Last updated September 12th, 2013 at 08:45 am
You’ve decided to take the plunge, to give social networking the old college try.
What’s different? What made you ready?
Maybe you just attended a conference at which every presenter urged you to do all the things your own Web guy (or spouse or best friend or most valued customer) has been urging you to do for months (or years).
Maybe a client just asked why your Facebook Page looks as if it’s in foreclosure.
Maybe the number of LinkedIn connection requests you’ve been ignoring just hit the tipping point.
It doesn’t really matter why you’ve suddenly made the commitment to make social networks work for you. What matters is that you made it.
Now, of course, you want it all, and you want it now.
If this sounds like you, I have one word of advice:
Patience.
Mastering social networking isn’t rocket surgery. But there are complexities.
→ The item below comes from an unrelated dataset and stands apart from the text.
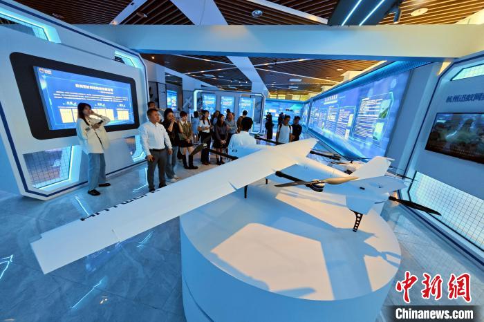 11月12日,福建省福州市高新区“榕创汇”无人机(系统)孵化器里的各种低空应用型无人机吸引了许多人的目光。随着低空经济蓬勃发展,福州高新区大力发展无人机产业,已经引进蜂巢航宇、穿越医疗、福州中岳航空、空间矩阵、自由飞跃、迅蚁科技等无人机研发企业,产业链上下游企业配套完善。图为具备挂载能力可垂直起降的固定翼无人机。中新社记者 王东明 摄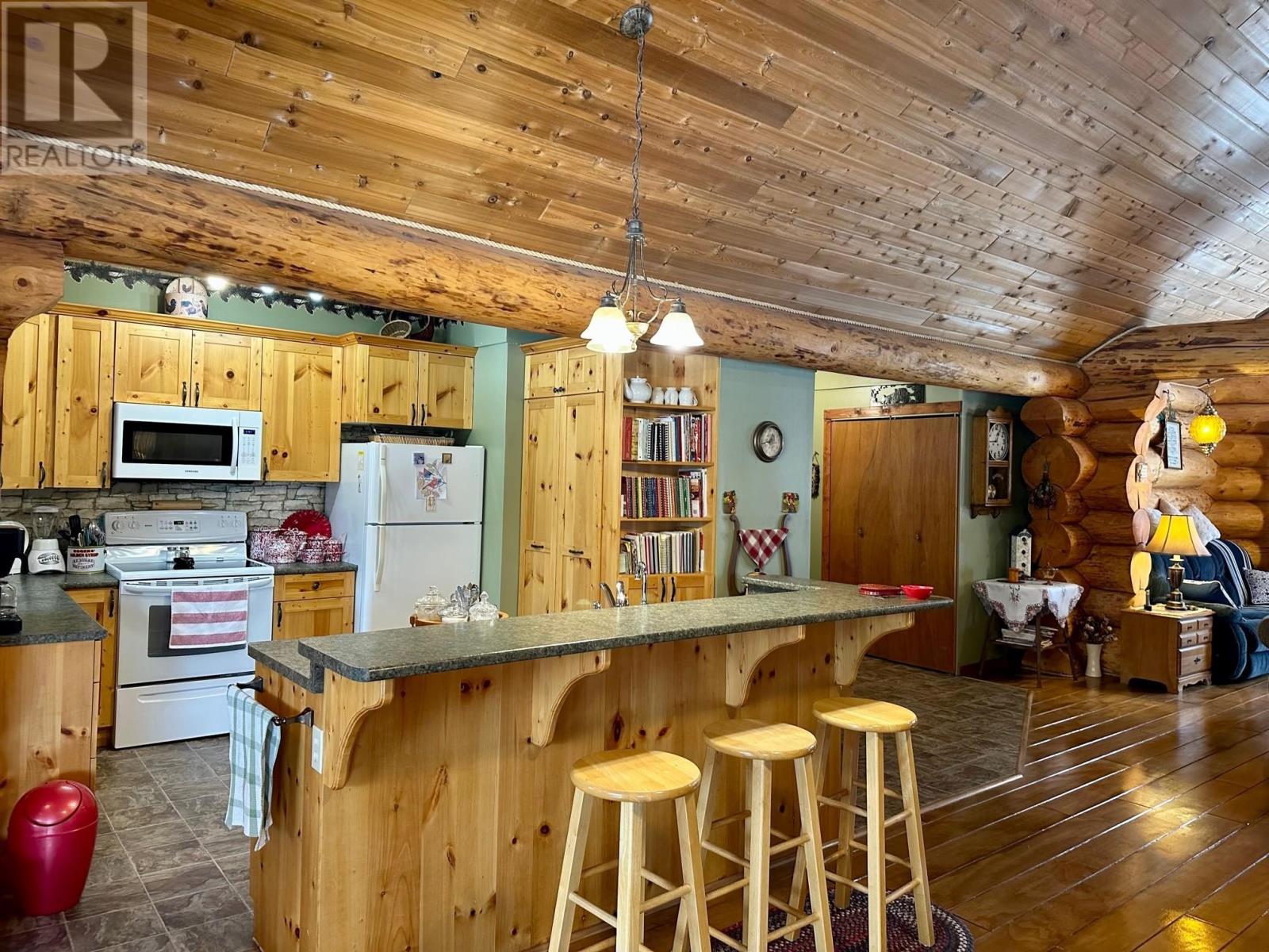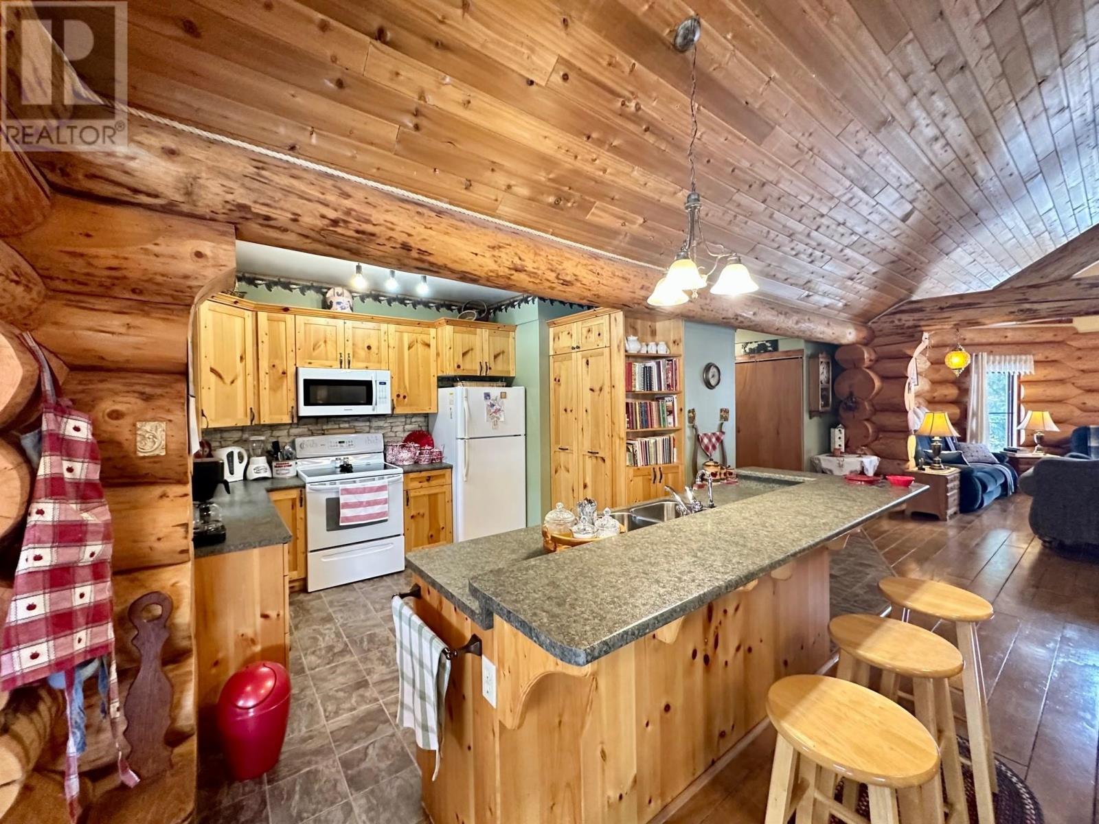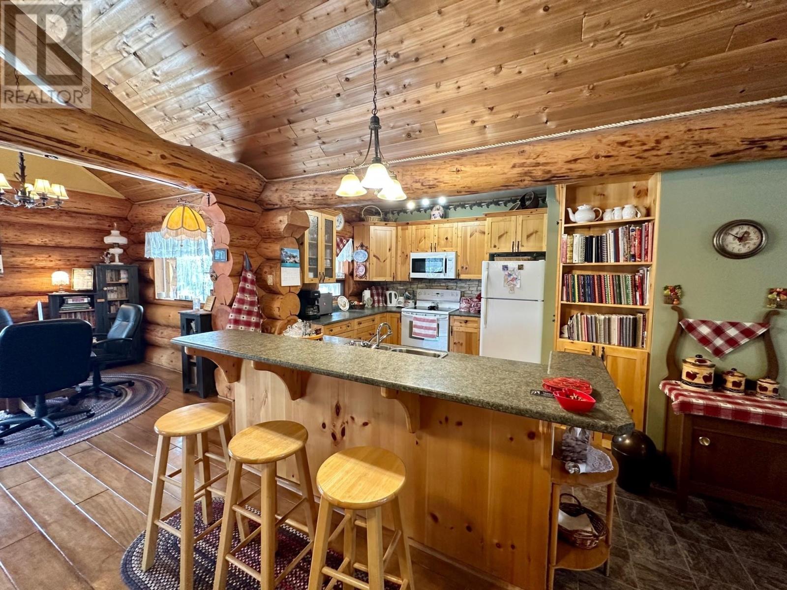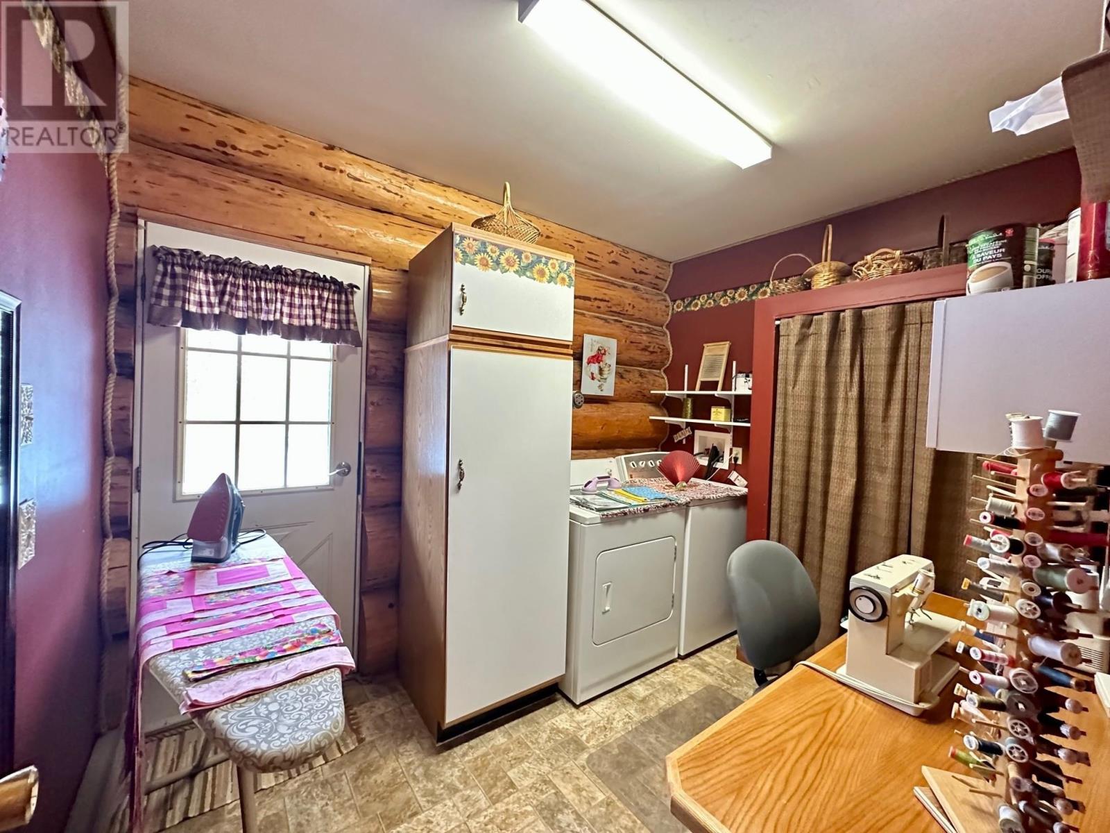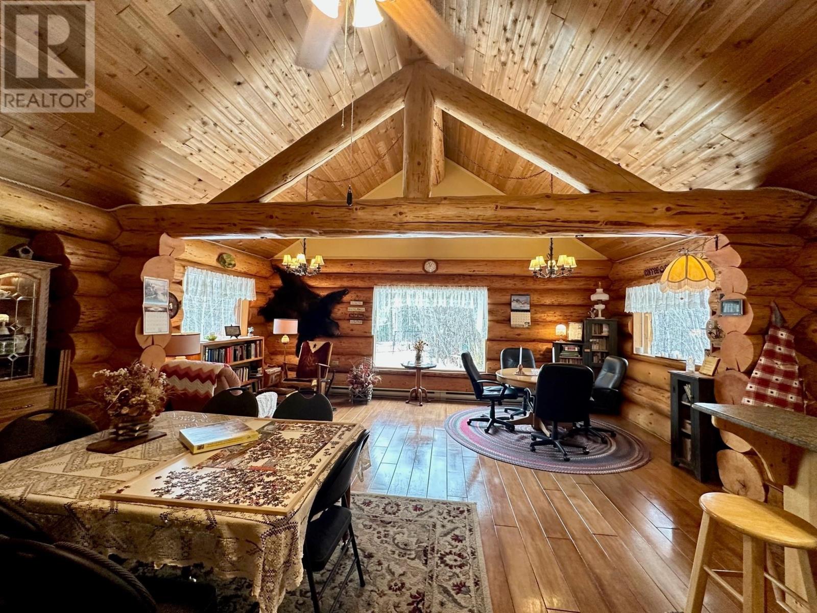 A country setting close to Vanderhoof. This farm of approximately 260 acres features about 100 acres of either hay or pasture, a large 2 bedroom log home with an incredible view from the living room and deck, a 42' X 36' shop with 2 12 ft. lean to's, a mezzanine in the shop for someone to sleep in, barn 40' X 34' with box stalls and hay loft, large 24'x78' machine shed, corrals with 2 stock waters. The home features 2 bedrooms, 2 1/2 baths, large living room with rock fireplace, a dining room with a pellet insert fireplace with a sitting area and much more. The property has a caretaker living in a mobile home pad, the buyer can continue working with the tenant, purchase the modular separately, or ask for it to be removed. (id:22211)

Have you ever tried to explain baseball (replace with hockey / football / soccer / tennis / cricket / golf / etc. as appropriate) to someone with little or no prior understanding of how the game is played? If so, you know how hard it is to explain, say, the Infield Fly Rule to someone who doesn’t yet understand the concept of out and its role in defining an inning. All of baseball’s special rules and nuances that you’ve come to absorb and accept — the neighborhood play, the balk, the result of bunting foul on two strikes — are mind-numbing to the uninitiated.
Social networking is a little like baseball.
Take Twitter for example.
Until you spend more than a little time consuming Twitter content (following people, reading tweets, drilling down to view conversations, and so on), your effectiveness as a Twitizen will be limited.
In particular, it’s likely you won’t know how to use mentions effectively. And the mentions feature is one of the two primary ways (retweets being the other) of fostering interaction on Twitter.
Sure, you can read the official Twitter Help article on mentions.
But I’ll bet dollars to donuts you won’t really understand Twitter mentions until you’ve spent time consuming Twitter. I know I didn’t.
So go ahead and take the plunge. But be prepared to tread water for a while.